Are Our Roads Prepared for Climate Change?

We have all recently seen what happens to the road infrastructure when Global Warming events like the recent floods in Germany, The Netherlands, Belgium, and Austria happen.


Whole road systems swept away by the fierce torrents of water.



In Central parts of Mexico flooding is an annual event. Traditional deep stone road base is always vulnerable to washout. So, roads in this region have for the last ten years have been constructed using RoadCem technology. Unaffected by the weather be it heat, ice and/or rain. The thermal neutrality and waterproof nature of RoadCem bound soil base, will with a tack course bind effectively directly to an asphalt running surface.

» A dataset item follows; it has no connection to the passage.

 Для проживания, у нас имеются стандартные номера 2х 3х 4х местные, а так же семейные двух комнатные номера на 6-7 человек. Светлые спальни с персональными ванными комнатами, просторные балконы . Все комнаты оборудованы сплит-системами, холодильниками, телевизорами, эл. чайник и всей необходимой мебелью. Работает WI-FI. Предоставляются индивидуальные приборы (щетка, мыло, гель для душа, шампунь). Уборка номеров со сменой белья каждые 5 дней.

To form a stiff elastic structure with excellent recovery attributes, to cope with the frequent repetitive loadings applied by the millions of axle passes for many years.

A UNESCO study in to RoadCem technology, calculated that over a twenty-year period cost savings of over 75% would easily be made, compared to traditional highway design. (See link below)

Constructing roads with RoadCem technology is far a more sustainable method, with large carbon savings. We must all presume that things are changing and that heatwaves and the potential for massive local downpours will only increase.

One thing that will not increase is our legacy of natural stone. Never have we quarried, crushed, and trucked such large quantities of stone about the country. Buildings and roads are nearly all built on foundation beds of crushed natural stone, why!